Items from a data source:
[Start of Attachment]
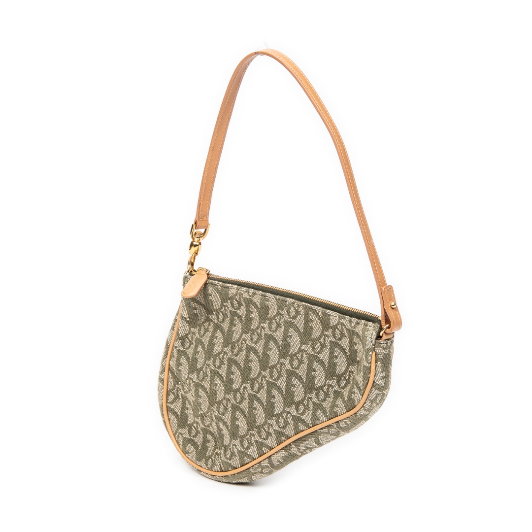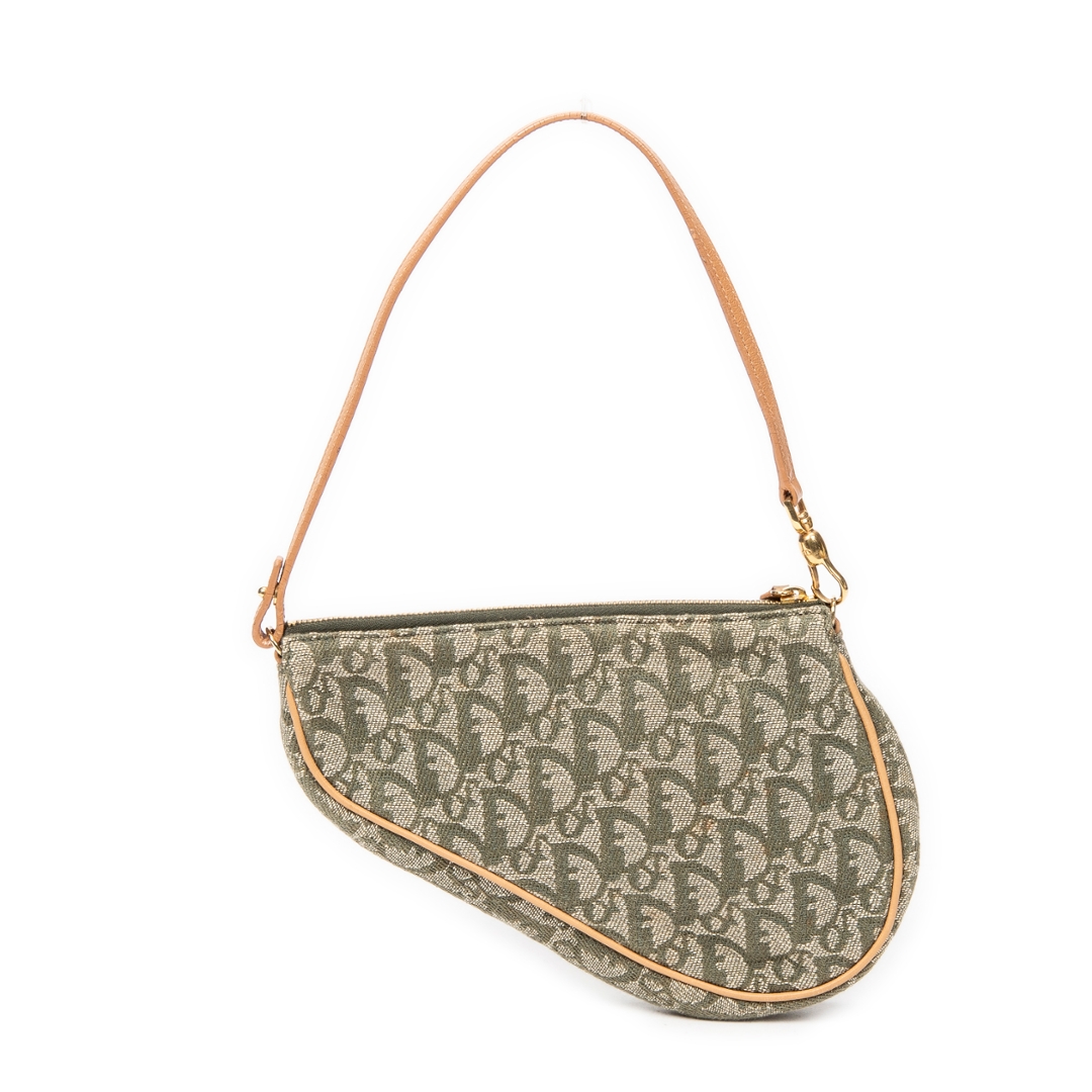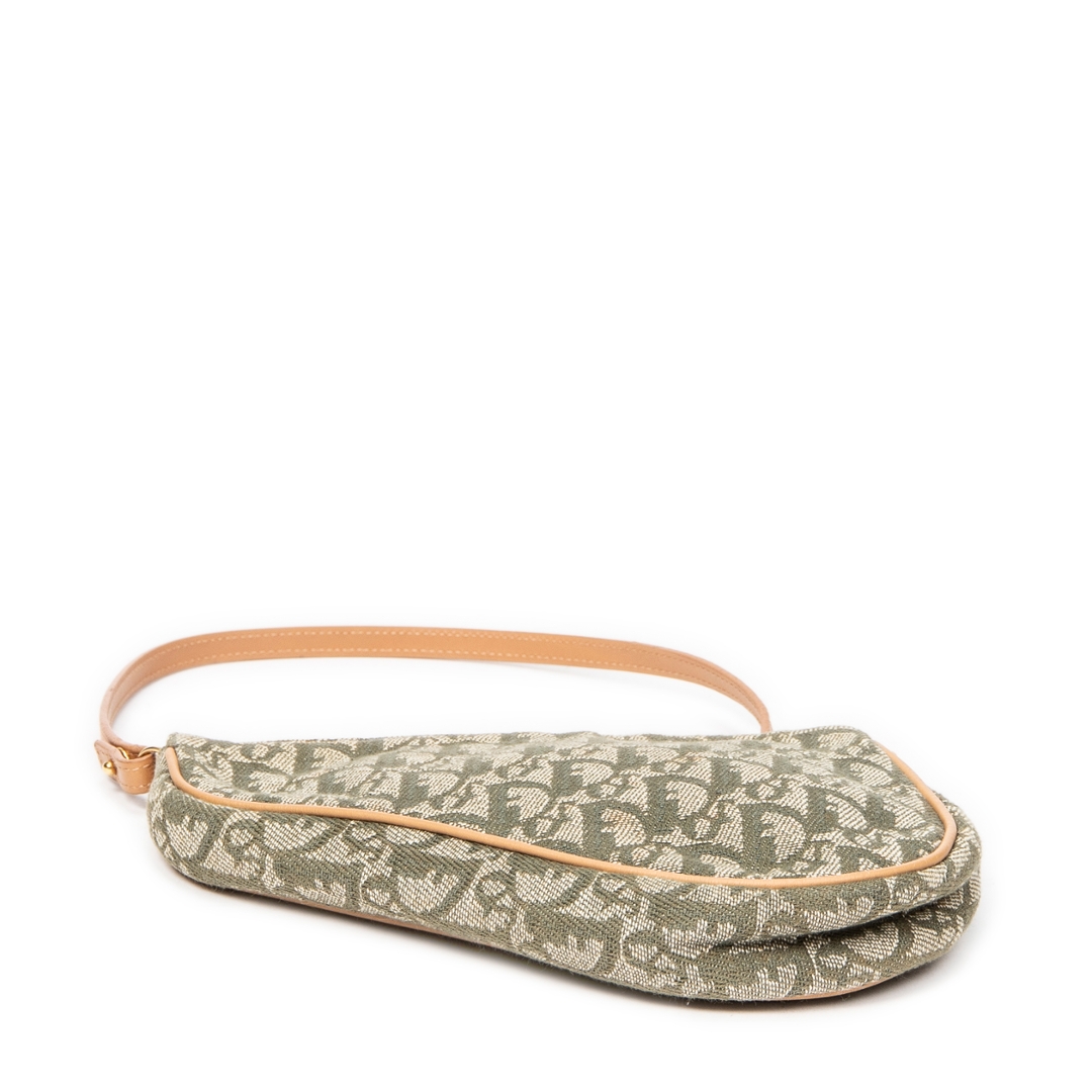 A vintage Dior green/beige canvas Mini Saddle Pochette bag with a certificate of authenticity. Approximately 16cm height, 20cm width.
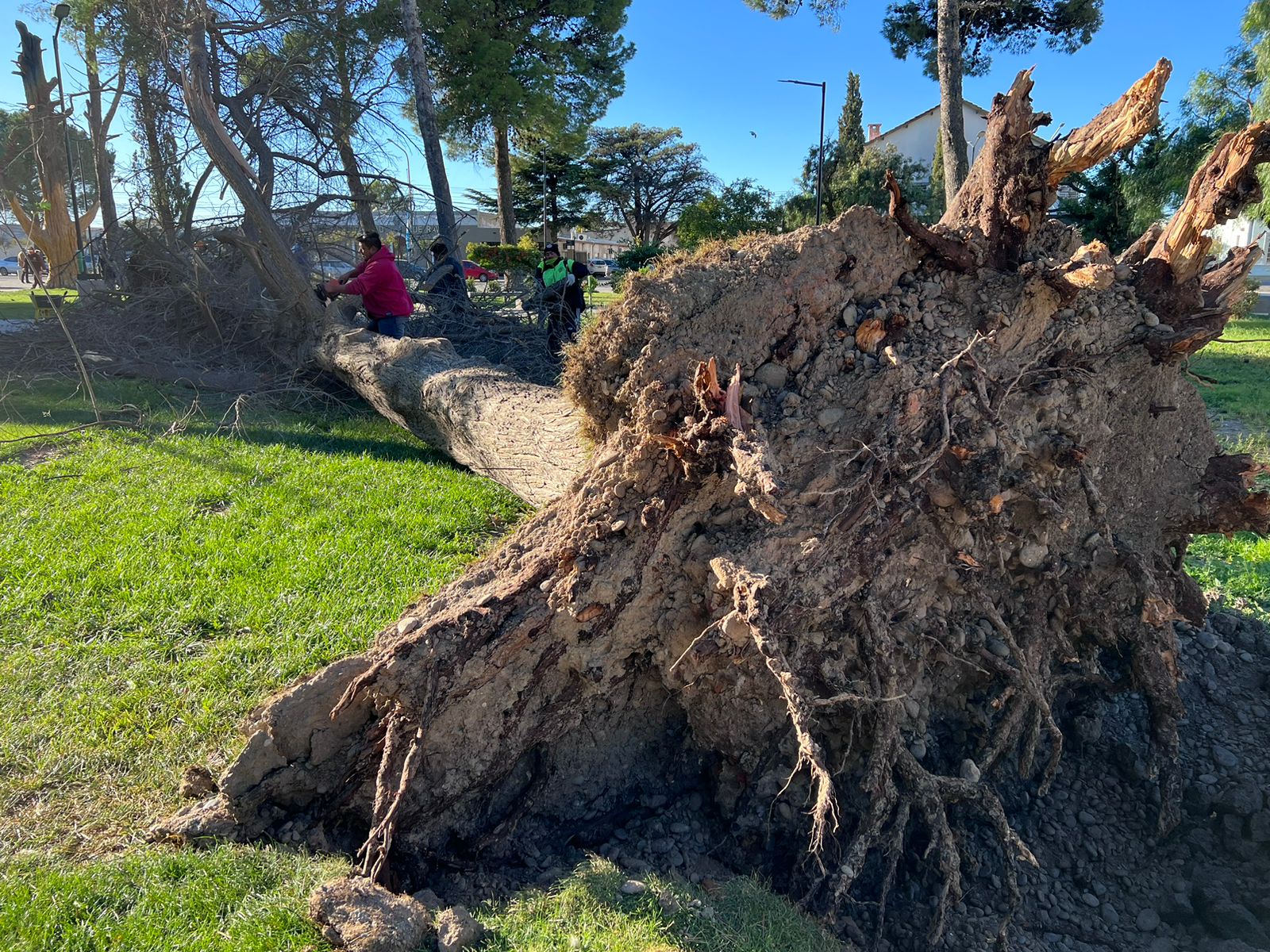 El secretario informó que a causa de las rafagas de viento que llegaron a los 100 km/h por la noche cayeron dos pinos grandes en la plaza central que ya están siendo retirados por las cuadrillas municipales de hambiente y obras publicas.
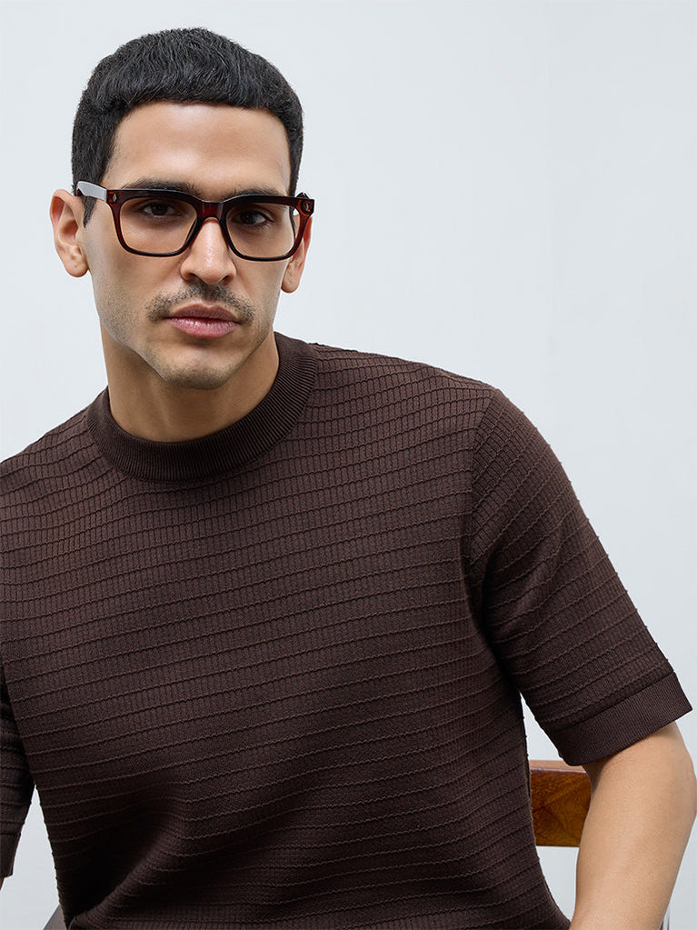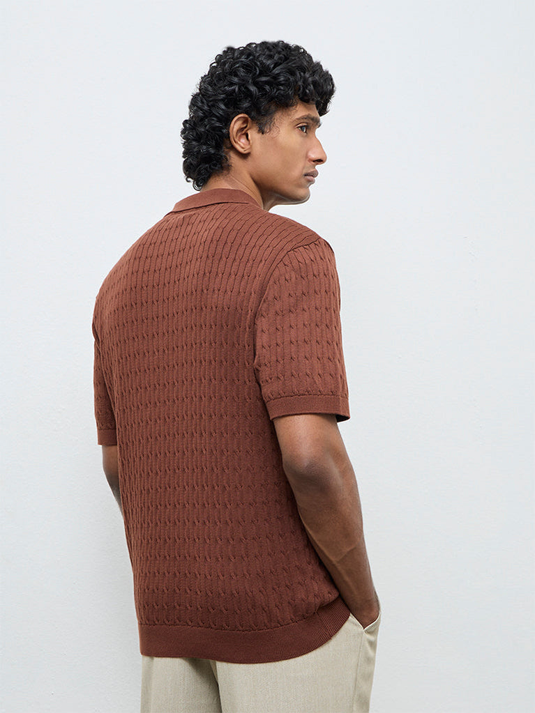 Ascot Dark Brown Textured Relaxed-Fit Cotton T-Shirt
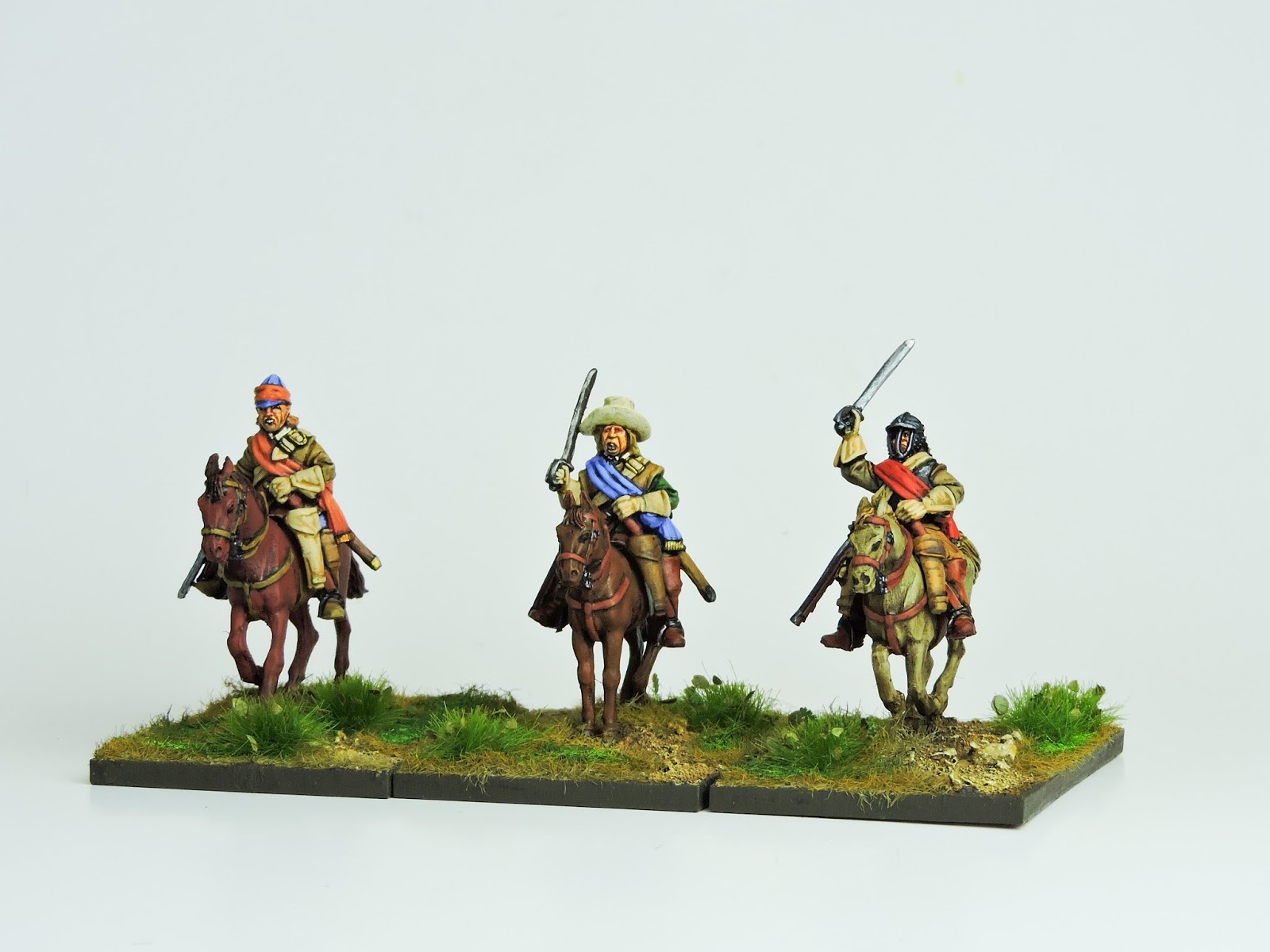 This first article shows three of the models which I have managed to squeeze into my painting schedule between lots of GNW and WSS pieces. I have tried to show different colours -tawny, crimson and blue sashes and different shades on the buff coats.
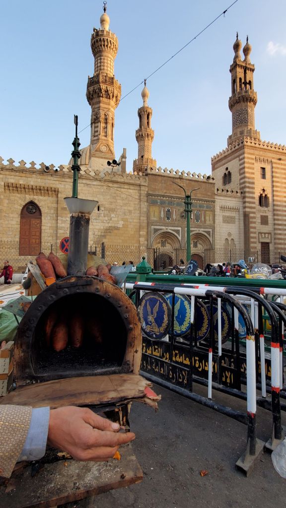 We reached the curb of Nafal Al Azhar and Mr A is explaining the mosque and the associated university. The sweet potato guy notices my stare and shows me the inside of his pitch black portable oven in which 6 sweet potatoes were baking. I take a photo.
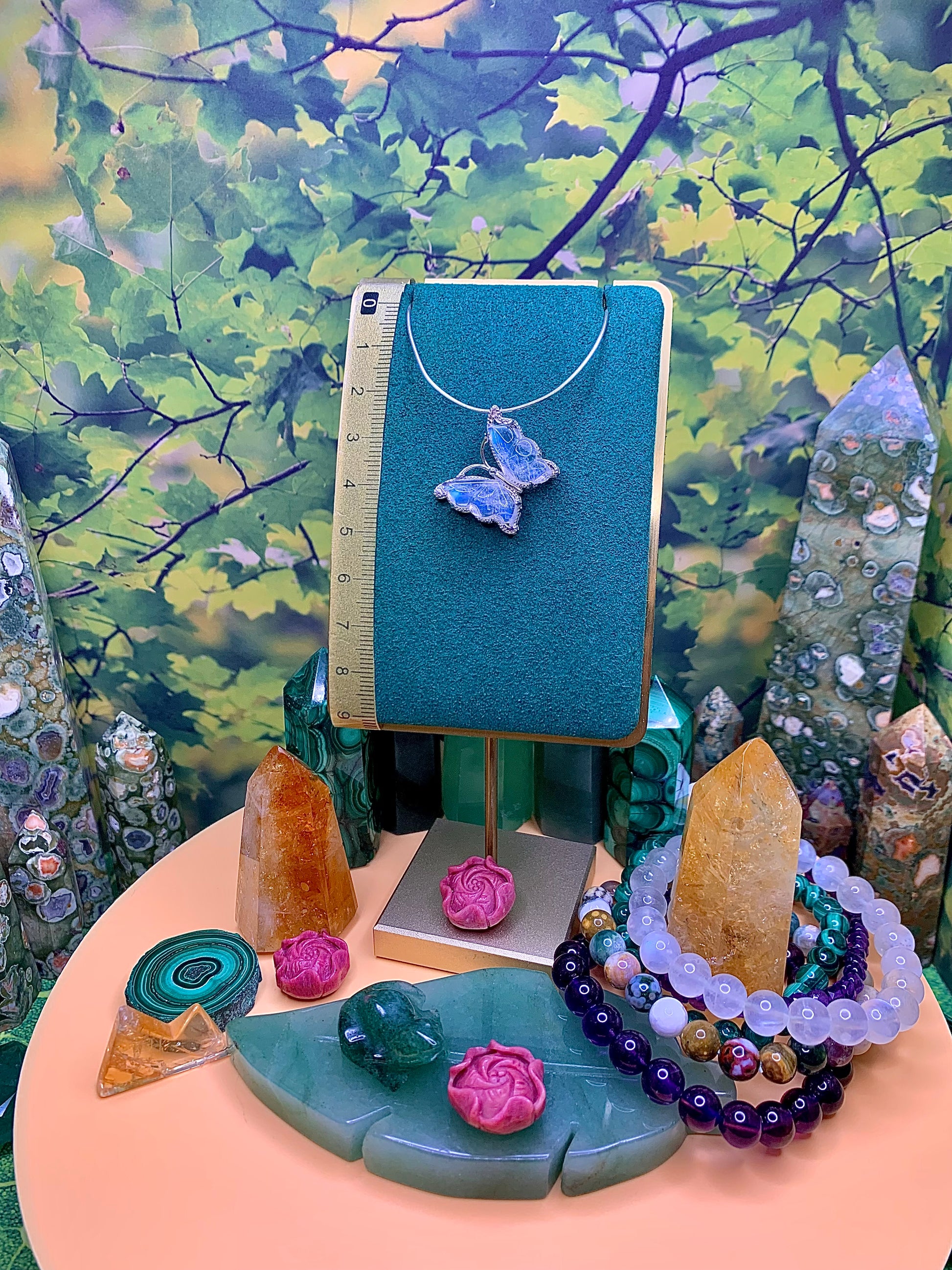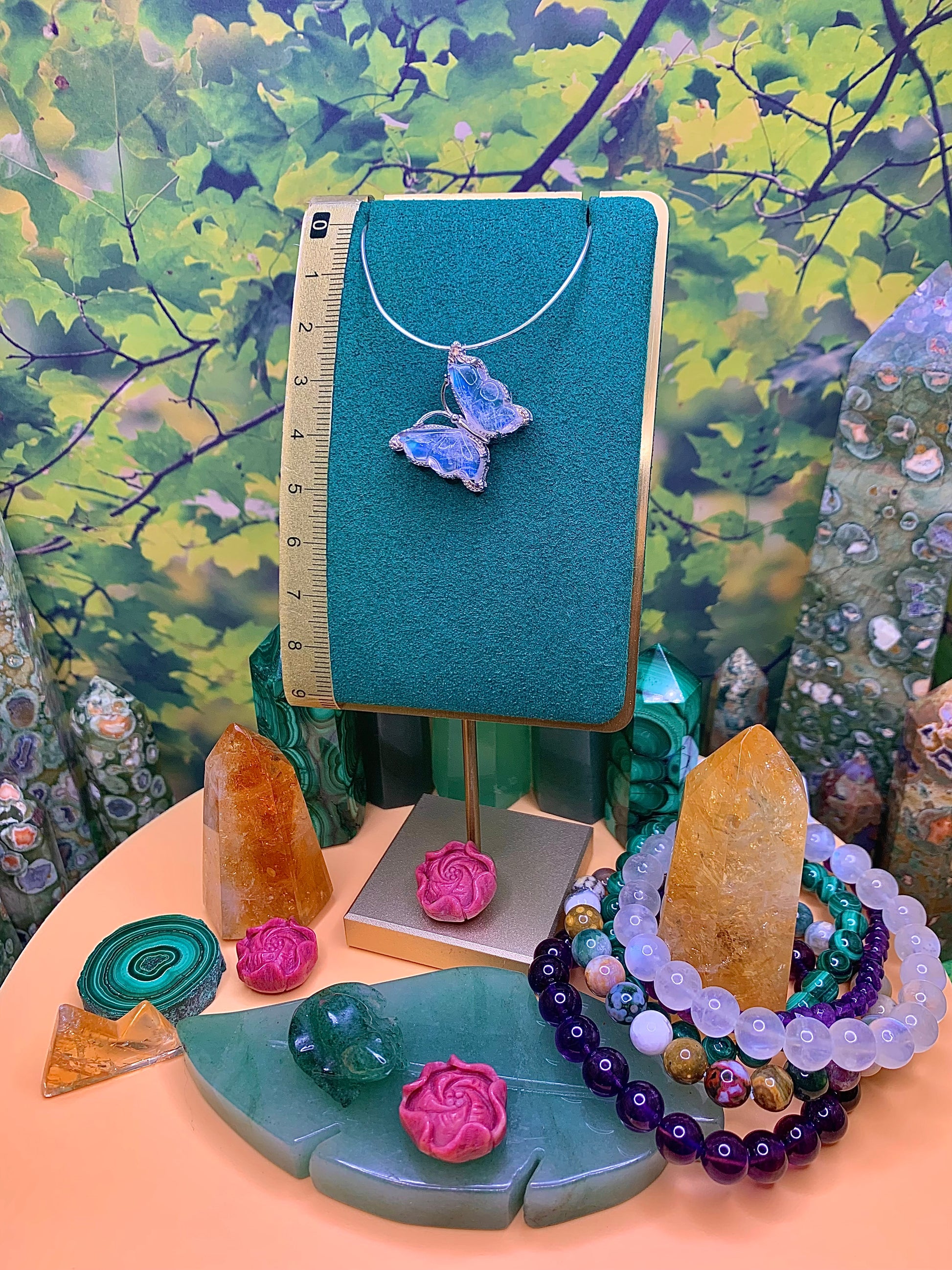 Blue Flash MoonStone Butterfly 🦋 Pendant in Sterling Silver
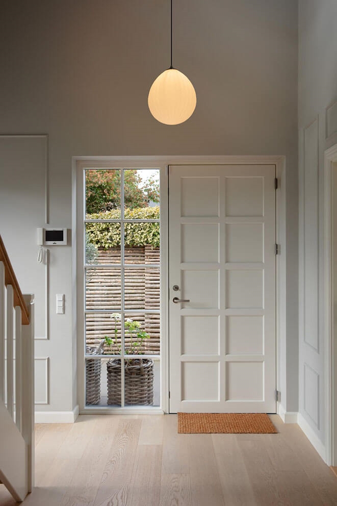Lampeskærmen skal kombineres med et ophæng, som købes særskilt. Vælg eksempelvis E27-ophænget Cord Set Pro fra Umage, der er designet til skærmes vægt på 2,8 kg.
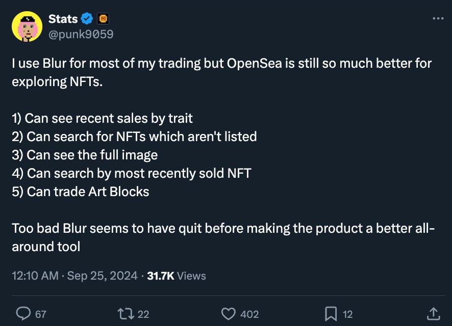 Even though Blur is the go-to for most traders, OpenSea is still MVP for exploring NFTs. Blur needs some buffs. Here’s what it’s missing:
[End of Attachment]
== ABOUT THIS EXERCISE ==
Exactly as they appear above, print all the lines, but not the pictures.

== EXERCISE RESPONSE ==
 A vintage Dior green/beige canvas Mini Saddle Pochette bag with a certificate of authenticity. Approximately 16cm height, 20cm width.
 El secretario informó que a causa de las rafagas de viento que llegaron a los 100 km/h por la noche cayeron dos pinos grandes en la plaza central que ya están siendo retirados por las cuadrillas municipales de hambiente y obras publicas.
 Ascot Dark Brown Textured Relaxed-Fit Cotton T-Shirt
 This first article shows three of the models which I have managed to squeeze into my painting schedule between lots of GNW and WSS pieces. I have tried to show different colours -tawny, crimson and blue sashes and different shades on the buff coats.
 We reached the curb of Nafal Al Azhar and Mr A is explaining the mosque and the associated university. The sweet potato guy notices my stare and shows me the inside of his pitch black portable oven in which 6 sweet potatoes were baking. I take a photo.
 Blue Flash MoonStone Butterfly 🦋 Pendant in Sterling Silver
Lampeskærmen skal kombineres med et ophæng, som købes særskilt. Vælg eksempelvis E27-ophænget Cord Set Pro fra Umage, der er designet til skærmes vægt på 2,8 kg.
 Even though Blur is the go-to for most traders, OpenSea is still MVP for exploring NFTs. Blur needs some buffs. Here’s what it’s missing:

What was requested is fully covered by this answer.